Namun, terlalu sering melihat kehidupan orang lain dapat memicu perbandingan tidak sehat. Otak akan terus memproses informasi tersebut dan menimbulkan kekhawatiran berlebihan.
Bahkan, banyak remaja mengaku sulit tidur karena terus memikirkan tanggapan orang lain terhadap unggahan mereka.

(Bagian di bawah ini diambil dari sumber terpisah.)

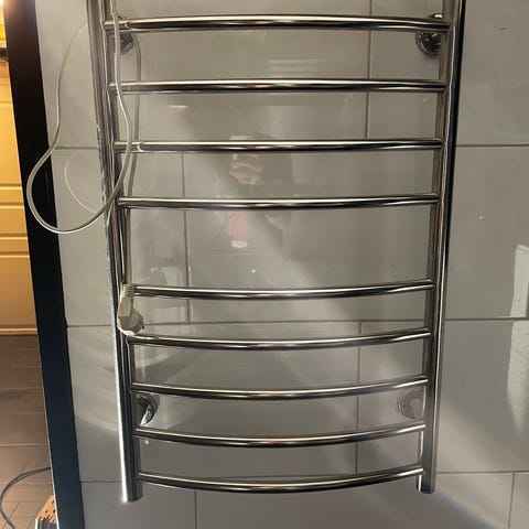Metallinen pyyhekuivain seinämalli, jossa on vaakasuorat putket ja kiinnitystelineet. Soveltuu pyyhkeiden kuivaamiseen ja lämmitykseen kylpyhuoneessa tai muissa tiloissa.

Hal ini menunjukkan bahwa media sosial bukan hanya sarana hiburan, tetapi juga sumber tekanan psikologis yang memicu overthinking.
Ketidakpastian Masa Depan
Faktor lain yang membuat generasi muda rentan overthinking adalah ketidakpastian masa depan. Perubahan dunia kerja, krisis ekonomi, serta tantangan global seperti perubahan iklim menimbulkan rasa cemas terhadap arah kehidupan. Anak muda sering memikirkan pertanyaan seperti, “Apakah karierku nanti stabil?” atau “Bagaimana jika rencanaku gagal?”
Rasa cemas yang tidak diimbangi dengan tindakan konkret akhirnya membuat pikiran mereka berputar di tempat. Mereka sibuk menganalisis kemungkinan terburuk tanpa berani melangkah. Akibatnya, kepercayaan diri menurun dan produktivitas ikut terganggu.

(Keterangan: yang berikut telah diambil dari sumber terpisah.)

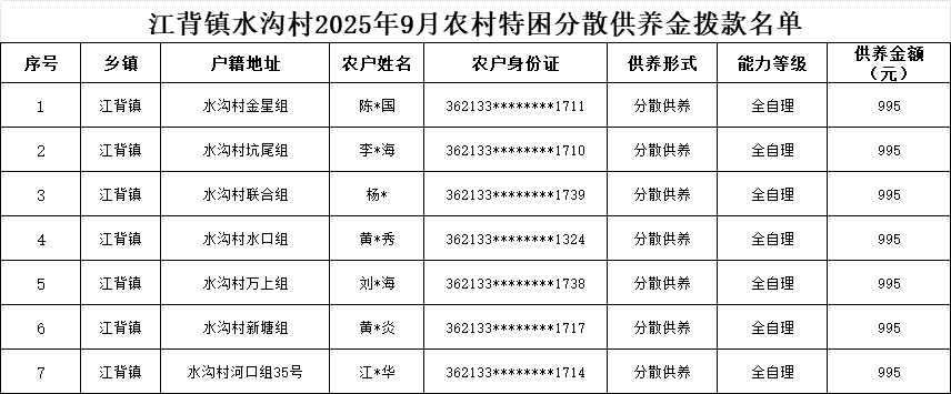 【社會救助】江背鎮水溝村2025年9月農村特困分散供養金撥款名單
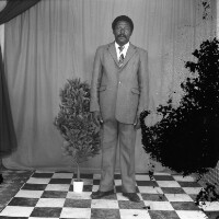 118. EAP054/1/105/235 Reference (shelfmark): EAP054/1/105/235 Title: Recreational photograph [c 1987] Scope & Content: Man from Bamendjinda standing, in dark shirt and pale trousers, dark shoes.right hand on hip. Format of original: 59mm x 59mm plastic negative Collection Area: Endangered Archives Programme Languages: Not applicable Date Range: c 1987 Extent: 1 TIFF image

Kurangnya Keterampilan Mengelola Emosi
Selain faktor eksternal, kemampuan mengelola emosi juga berperan besar dalam munculnya overthinking. Banyak generasi muda tumbuh dalam lingkungan yang menekankan pencapaian, tetapi tidak mengajarkan cara menghadapi kegagalan atau kekecewaan. Akibatnya, ketika menghadapi masalah kecil, mereka mudah merasa panik dan kehilangan arah.
Tanpa keterampilan manajemen emosi yang baik, setiap kesalahan terasa besar dan terus dipikirkan. Padahal, kemampuan menerima dan memahami emosi dapat membantu seseorang berpikir lebih rasional.